This conglomeration of potential GATA factor binding sites in the elt-2 upstream region suggests several possible ways that these motifs might interact with the trans-factors END-3, END-1, ELT-7, and ELT-2 itself to control elt-2 transcriptional activation. Perhaps many independently dispersed transcription start sites, driven or aided by GATA factor binding, contribute additively and redundantly to overall gene expression levels and noise (Juven-Gershon & Kadonaga, 2010). Under this dispersed promoter scenario, mutation of single HGATAR motifs might be expected to reduce transcription activation proportionate to the number of motifs mutated(Davidson, 2001; Flores et al., 2000). Alternatively, but not exclusively, elt-2 cis-activation could also be driven by a combinatorial code involving binding of different GATA factors with different specificities. Under a combinatorial control scenario, mutation of any single HGATAR motif in a larger combinatorial code should result in an equivalent impact on gene expression as mutating any single motif in the same code. Finally, the contributions of different sites may instead be unequal, with one or a few key sites responsible for the majority of expression and the rest playing minor supporting roles.
In addition, few studies have deeply examined the relationship between between cis-regulatory elements (CREs) and gene expression variability. For a gene like elt-2, variability in early embryonic activation might be expected to have severe consequences for viability.
In this study, we dissect the elt-2 promoter in a reporter transgene context to determine how conserved transcription factor binding sites drive activation and maintenance of a key developmental regulator. Using a technique for labeling individual mRNAs, we also precisely capture the relationship between conserved features of the elt-2 promoter with gene expression variability in early embryonic development.
To control for copy number variations that could affect gene expression levels, we generated single copy insertions of promoter gfp reporter lines using MosSCI (Frøkjaer-Jensen et al., 2008; Frøkjær-Jensen et al., 2012). To generate the reporter, we used PCR fusion to join the elt-2 3′ UTR to a gfp fragment amplified from pPD95.81 (gift from Andrew Fire; Addgene kit # 1000000001). We generated mutant promoter variants by PCR fusion of synthetic oligonucleotides containing mutated HGATAR motifs to PCR amplified elt-2 promoter sequence. GIBSON assembly was used to fuse wild-type and mutant promoter constructs to the gfpelt-2 3′UTR DNA fragment and a pCFJ350 MosSCI backbone vector (gift from Erik Jorgenson; Addgene plasmid #34866). All Pelt-2gfpelt-2 3′UTR reporters were integrated at site ttTi5605 (strain EG6699) with stable integration confirmed by PCR screening of insert junctions into the C. elegans genome.

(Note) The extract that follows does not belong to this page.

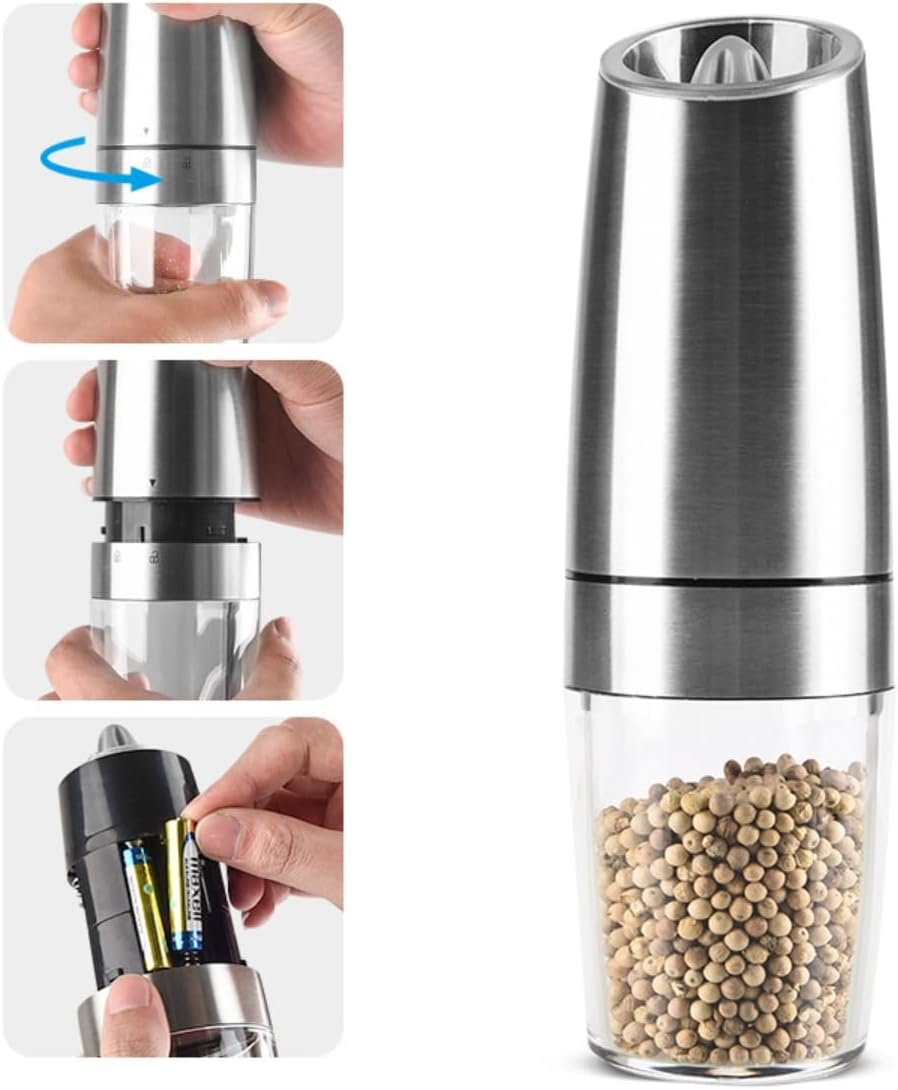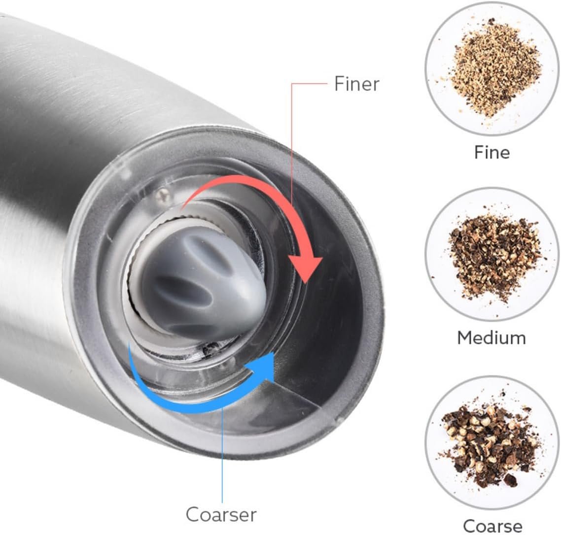 Automatic and Convenient: With just a simple tilt of the grinder, the gravity electric system automatically grinds and dispenses salt and pepper, making seasoning your dishes effortless and efficient.

For EMSAs, DNA binding domain sequences for GATA transcription factors were cloned into pET His6 TEV LIC (1B) for N-terminal His6 tagging (gift from Scott Gradia; Addgene plasmid # 29653). Constructs were transformed into Rosetta 2(DE3) pLysS competent cells, and fusion protein expression was induced by addition of 0.1 mM IPTG at 18°C for 12 hours. His6 tagged proteins were purified by use of TALON metal affinity beads (Clontech). Binding assays were done at room temperature in EMSA buffer (10mM HEPES, 200mM NH4 OAc, 30 mM NaCl, 1.5mM MgCl2, 0.5 uM Zn(OAc)2, 0.2 mg/ml BSA, 1mM DTT, 8% glycerol, pH 7.0). EMSAs were run on a 8% 29:1 Acrylamide/Bis-acrylamide 8% glycerol 0.5X TBE gel and stained with Sybr Green Nucleic acid gel stain (Molecular Probes S-7563). (See supplemental methods for more detail).
For imaging of embryonic development, we collected and fixed embryos collected from adults 52-53 hours post-synchronization in 4% formaldehyde. Collected embryos were hybridized to Cy3gfp, ATTO 647Nelt-2, and Alexa 594end-1 smFISH probes (Raj et al., 2010, 2008) (Stellaris). Nuclei were labeled with DAPI. For each smFISH data set, we generated Z-stack images of at least 170 embryos with a maximum spacing of 0.4 uM at 100× magnification on an epifluorescence microscope. For quantifying spot counts, we used an inhouse developed machine learning spot classification tool, AroSpotFinding Suite, to automatically collect spot data counts (Rifkin, 2011; Wu & Rifkin, 2015). Nuclei were counted by hand and used as a measure of developmental stage.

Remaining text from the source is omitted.